1 medium shallot (echalot) finely chopped
1 large clove garlic (gousse d’ail) crushed
1 tin of good quality chopped tomatoes (chair de tomates)
1 tablespoon (2 cuillers a soupe) of tomato puree (double concentre de tomates)
1 tablespoon of red wine vinegar
1 level teaspoon of cinnamon
1 good teaspoon of dried oregano
Freshly ground sea salt and black pepper to taste
For the Béchamel sauce
1 tablespoon (2 cuillers a soupe) of cornflour Farine a mais)
½ pint/250ml milk
A ‘pinch’ of salt and white pepper (black pepper will discolour the sauce)
Enough sheets of fresh lasagne to form two layers in your lasagne dish
Freshly grated Parmesan cheese
I ‘dry fry’ the mince very slowly releasing its own fat and cook it until enough fat has been released to add the shallot and cook for 3-4 minutes until clear, then the garlic, oregano, tomato puree and red wine vinegar and cook gently for a further 1-2 minutes.
Then add the chopped tomatoes and the cinnamon (you can rinse out the can with a little water and add this also) and simmer gently for around 20-30 minutes.
Add freshly ground sea salt and black pepper to taste, remove from heat and leave to cool a little while making the sauce……..
Melt the butter on a very gently heat in saucepan and stir in the corn flour.
Remove from heat and the milk a little at a time, stirring first with a wooden spoon, then as the sauce becomes more liquid return to the heat and continue with a hand whisk, keeping the sauce moving all the time to prevent lumps forming (if this happens – don’t panic, just remove from the heat, add a little more liquid and whisk like crazy)
Once all the milk is incorporated into the sauce, let it simmer while stirring gently with the wooden spoon again for 1-2 minutes to remove the floury taste.
Season with a little salt and white pepper.
Put a layer of the Bolognaise sauce in a lasagne dish and top with a little of the Béchamel sauce.

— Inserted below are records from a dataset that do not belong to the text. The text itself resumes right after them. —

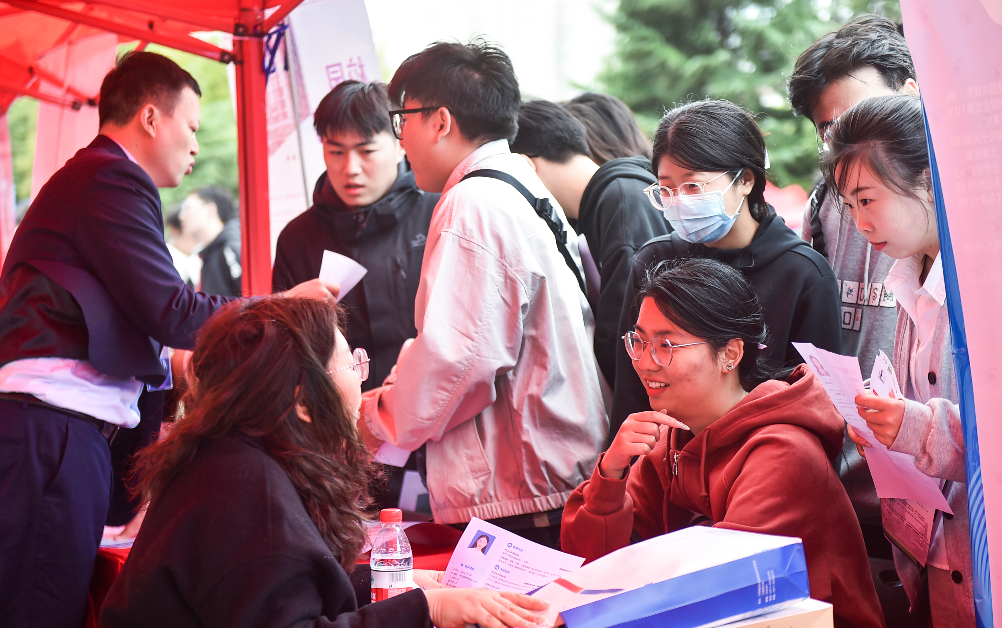大學生求職者在咨詢相關崗位信息。黃政偉 攝
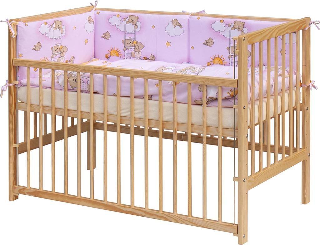 1. Dětská dřevěná postýlka 120 x 60 cm - přírodní, masiv borovice, stahovací bok, 6 poloh roštu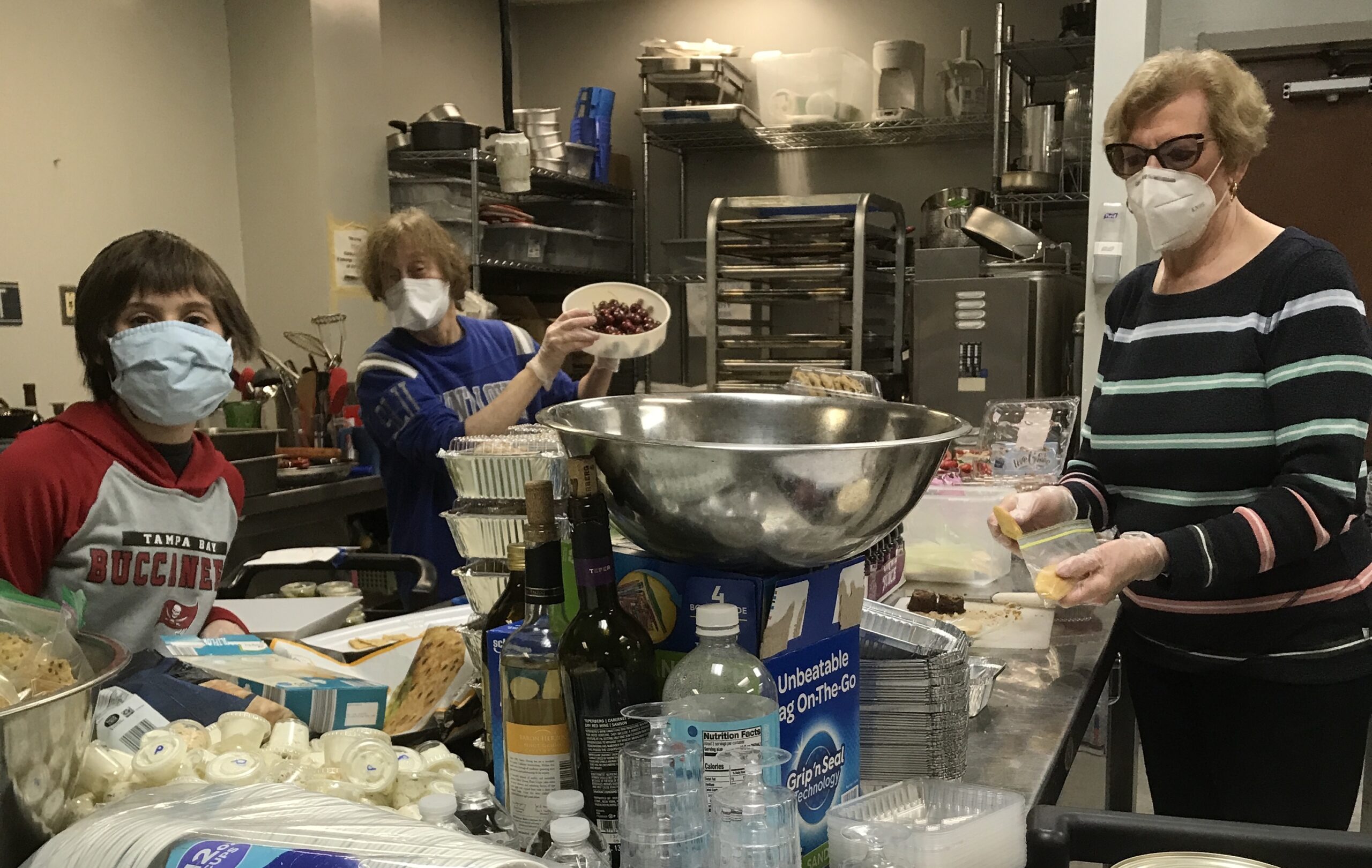 The kiddush crew was out in full force prepping for this kiddush which was just a bit different from what they used to do. Instead of artfully arranged platters, there were trays of individual containers to grab and take to the tables. Cookies were snuggled into a foil pan with a see through tops so that the contents could be seen and labels abounded to identify the foods on display.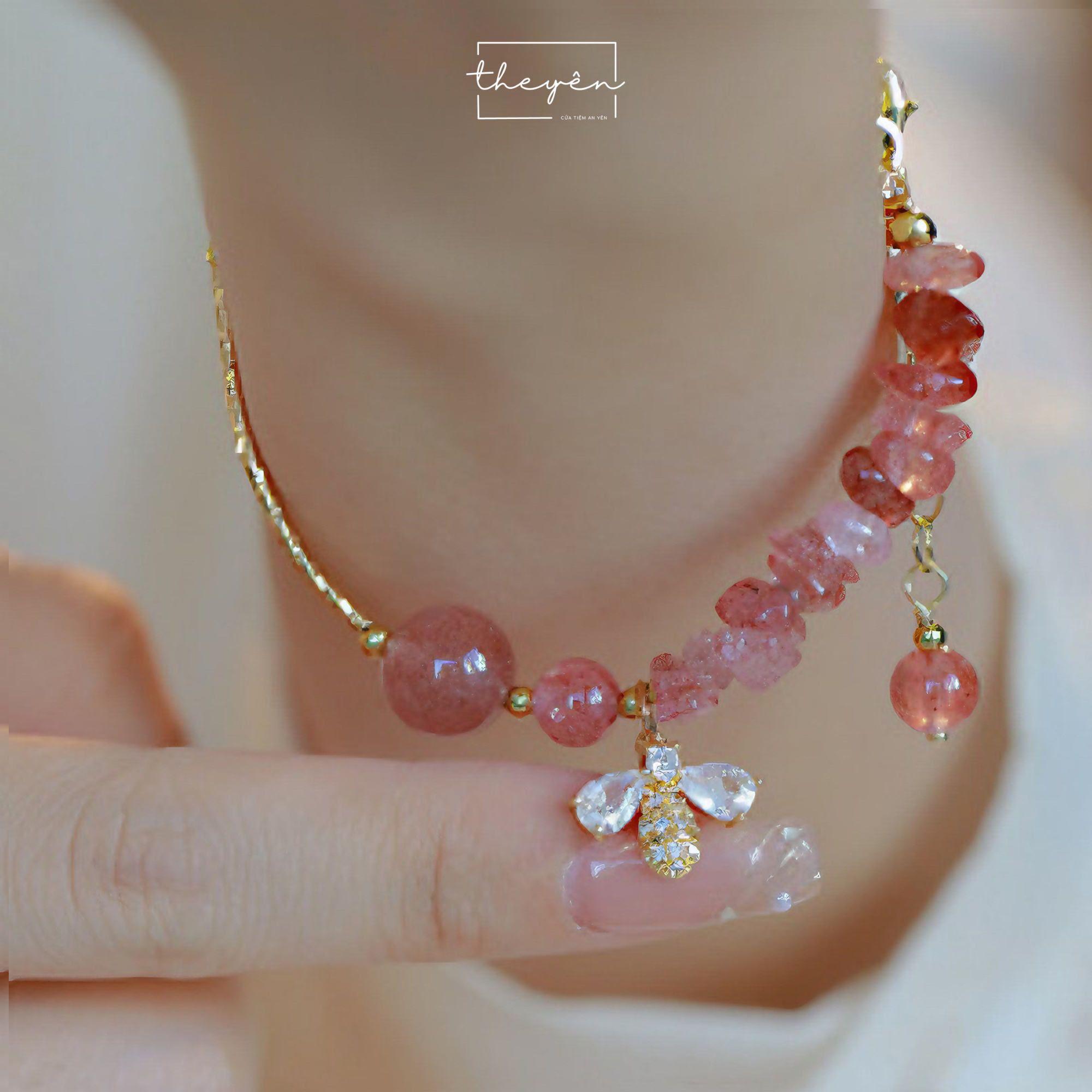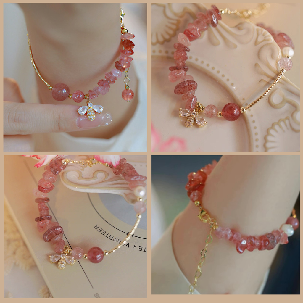 Được chế tác từ thạch anh dâu tây hồng, Lisa mang sắc hồng ngọt ngào, lấp lánh tựa “trái ngọt” của cuộc đời, thành quả xứng đáng cho mọi cố gắng. Các nghệ nhân đã tỉ mỉ kết hợp từng hạt đá với chi tiết charm ong đính đá zirconia, tạo nên vẻ đẹp vừa nữ tính vừa thanh lịch, dễ dàng kết hợp với nhiều phong cách thời trang.

Cover with a layer of lasagne (for me this took one and a third sheets)
Add the remaining Bolognaise sauce and again a little Béchamel sauce
Cover with another layer of lasagne and cover completely with the remaining Béchamel sauce
Sprinkle with a generous coating of freshly grated Parmesan cheese, cover with a loose sheet of baking foil and bake in a preheated oven at 180 degrees/gas mark 4 for 30-40 minutes.
Remove the baking foil and increase the heat to 200 degrees and let the top bubble and brown (about 5-10 minutes)
Serve with a slice of garlic bread and a nice fresh green salad.